While no major scheduled releases were the primary driver of recent price action, existing economic indicators and investor positioning ahead of upcoming US jobs data have influenced sentiment.

  1. Japan Household Spending (February) – Declined by 0.8% year-over-year, reflecting weak consumer activity.
  2. Upcoming US Jobs Data – Markets anticipate volatility based on how the report may affect risk appetite and Fed expectations.
  3. US 10-Year Yield – Briefly fell below 4%, its lowest since mid-October, contributing to broader dollar weakness.

Price Action

The USD/JPY pair plunged from a high near JPY149.30 to a low of JPY145.20, settling nearly three standard deviations below its 20-day moving average—a rare and extreme move. It rebounded slightly today, holding above JPY145.30 and reaching JPY146.55, re-entering its Bollinger Band range. Given the current volatility, a return toward the JPY147.00–147.20 area remains possible, especially if upcoming US jobs data triggers a favorable market response.

Key Points:

  • The yen and Swiss franc both gained over 2%, driven by safe-haven demand and carry-trade unwinding.
  • USD/JPY dropped sharply before recovering back inside technical bands.
  • Japan’s household spending remains weak despite policy support.
  • The yen's role as a low-yielding funding currency adds to its appeal during market stress.
  • US 10-year yields briefly dipped below 4%, reflecting broad risk aversion.
  • Markets await further cues from US labor data, which could trigger more volatility.

United Kingdom

Overview

Sterling climbed sharply to near $1.3210 before reversing lower on profit-taking and renewed selling pressure. After dipping slightly below $1.3080 late yesterday, the currency attempted another push higher today, reaching almost $1.3115 before falling to around $1.2960. Despite the UK being hit with a 10% tariff and the EU with 20%, the euro surged against the pound, nearing its year-to-date high. Meanwhile, UK construction activity continues to show signs of contraction, raising concerns about domestic growth momentum.

Economic Drivers

Underlying sentiment toward the British pound remains fragile, with weak domestic data and external trade pressures weighing on performance.

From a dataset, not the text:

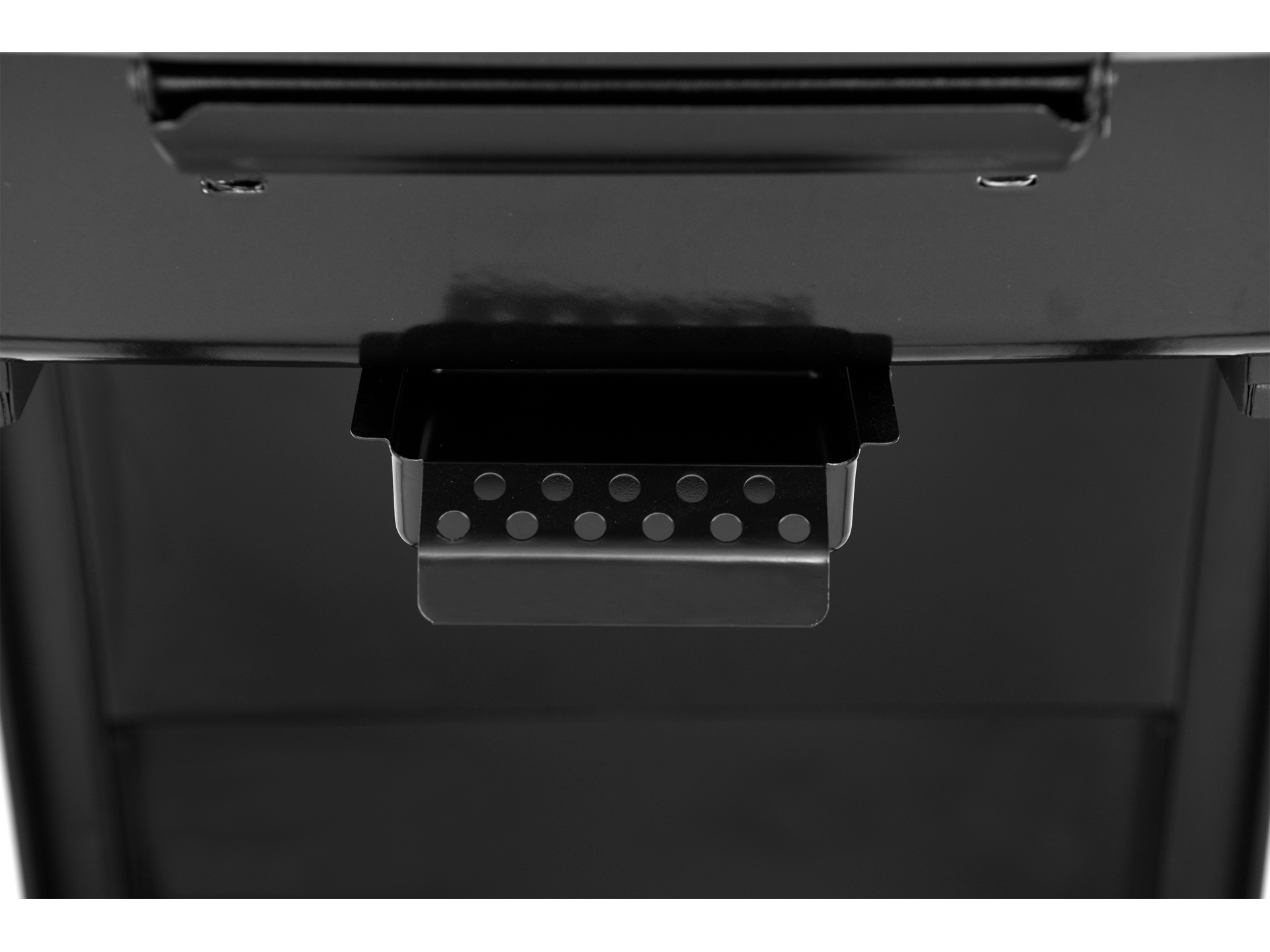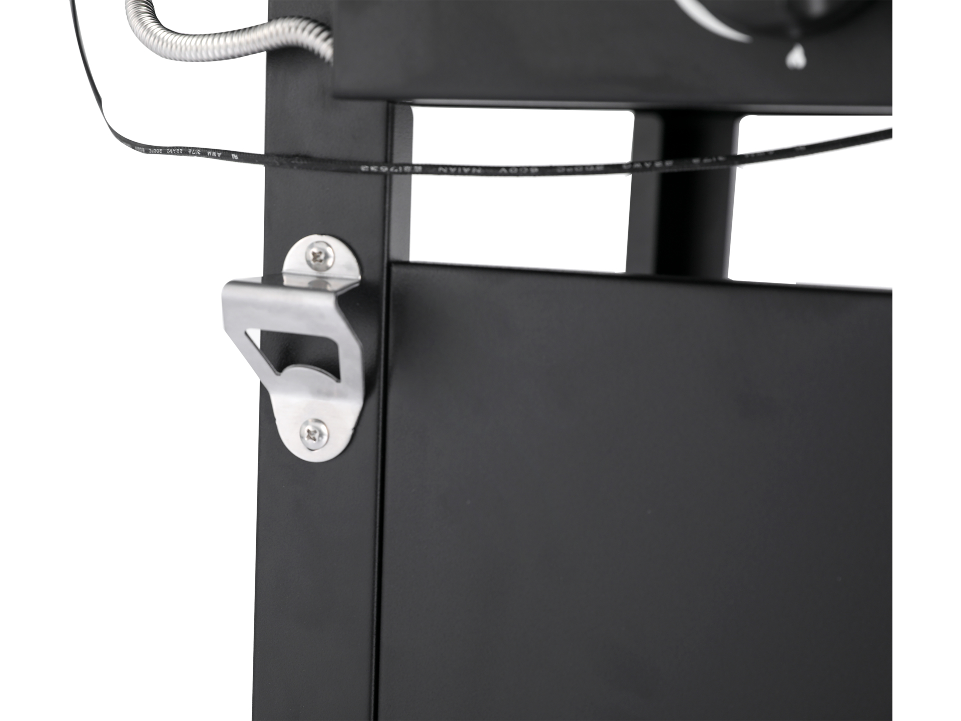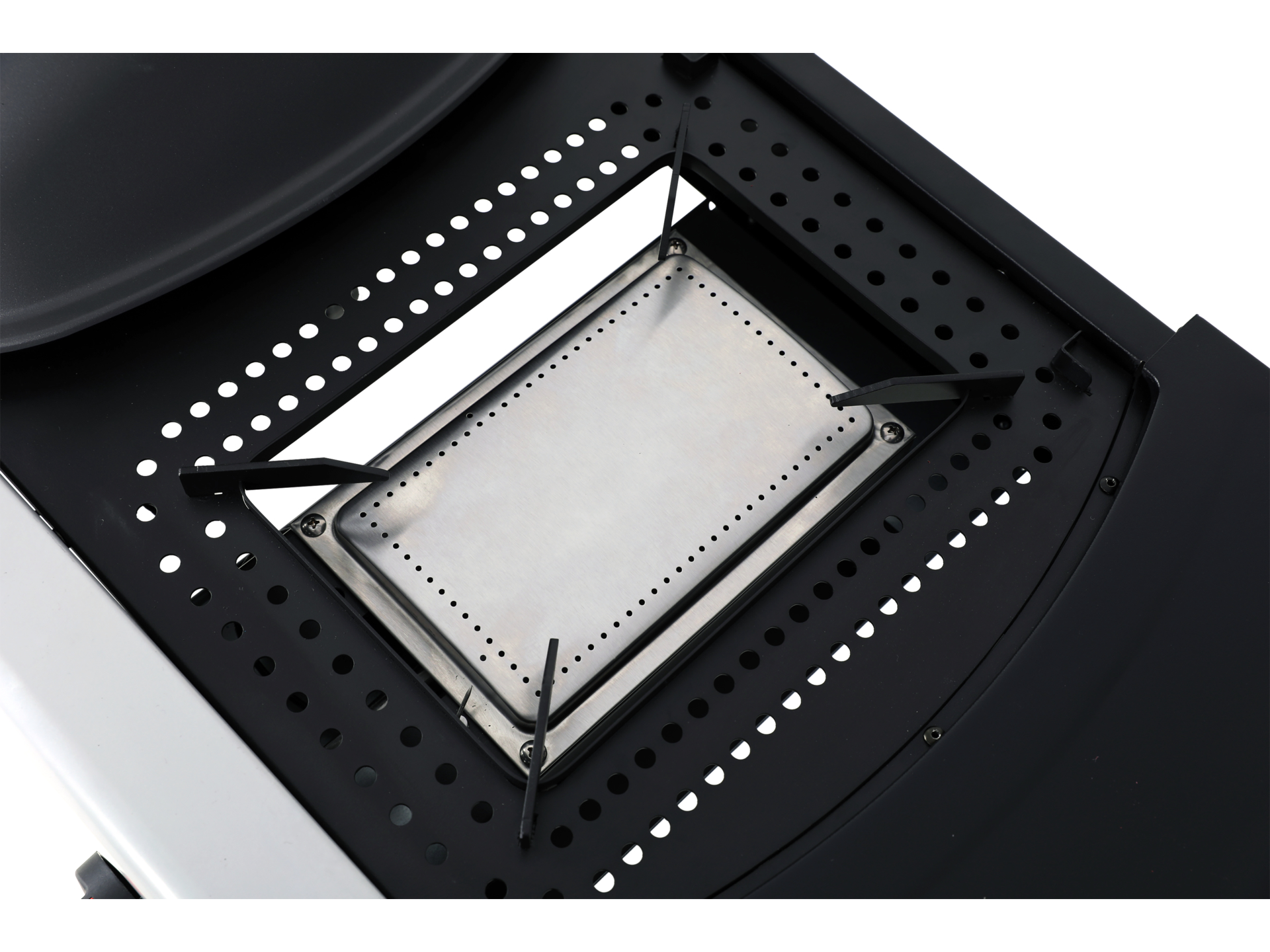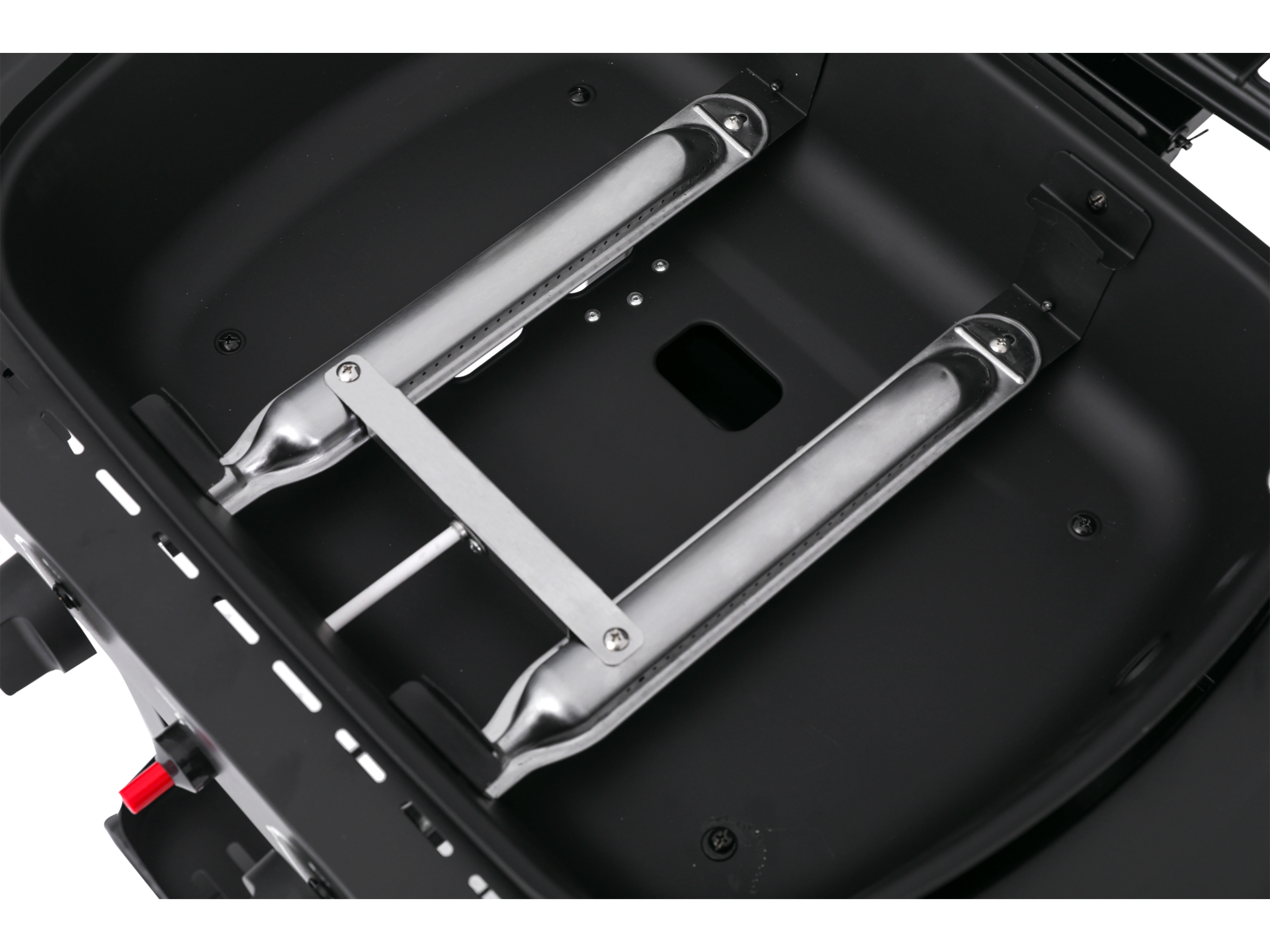 Grătar pe gaz portabil cu două arzătoare de 5 kW, termometru și design compact, destinat utilizării în aer liber.

  • UK construction PMI remained below the 50 expansion threshold throughout Q1 2025, indicating sector contraction.
  • March construction PMI came in at 46.3, slightly up from 44.6 in February but still firmly in contraction territory.
  • The UK faces a 10% tariff, with the eurozone facing 20%, adding further pressure on trade dynamics.
  • Despite this, the euro has outperformed sterling, reflecting market concerns over UK-specific fundamentals.

Data and Events

While recent attention has centered on currency volatility and tariffs, key data continues to point to soft economic conditions in the UK.

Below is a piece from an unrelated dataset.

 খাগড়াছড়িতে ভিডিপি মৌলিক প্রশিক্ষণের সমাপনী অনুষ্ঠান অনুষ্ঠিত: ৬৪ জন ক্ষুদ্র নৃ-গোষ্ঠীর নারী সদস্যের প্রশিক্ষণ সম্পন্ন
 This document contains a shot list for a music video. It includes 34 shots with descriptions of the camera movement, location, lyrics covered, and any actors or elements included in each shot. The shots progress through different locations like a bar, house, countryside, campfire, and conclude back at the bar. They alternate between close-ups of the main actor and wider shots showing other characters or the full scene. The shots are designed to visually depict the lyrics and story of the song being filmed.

  1. UK Construction PMI (March) – Printed at 46.3, still below the 50 mark, confirming the third straight month of contraction in 2025.
  2. Tariff Developments – The UK is facing a 10% tariff while the EU is subject to 20%, impacting sentiment and cross-currency flows.

Price Action

Sterling’s price action has been volatile, with a sharp rise to $1.3210 met by strong selling. After easing to below $1.3080 yesterday, a short-lived rally to $1.3115 today was quickly reversed, sending the currency down to $1.2960. Meanwhile, the euro rose strongly against the pound, surging from around GBP0.8320 to approach this year’s high near GBP0.8470. Momentum has shifted as traders reassess positions amid weak domestic data and shifting trade conditions.

Key Points:

  • Sterling peaked near $1.3210 before reversing sharply to $1.2960.
  • Euro surged against the pound, nearing its yearly high around GBP0.8470.
  • UK construction PMI remains in contraction for the third consecutive month.
  • Tariffs of 10% on UK goods and 20% on EU goods are weighing on trade sentiment.
  • Sterling's momentum has weakened despite early gains, as economic risks persist.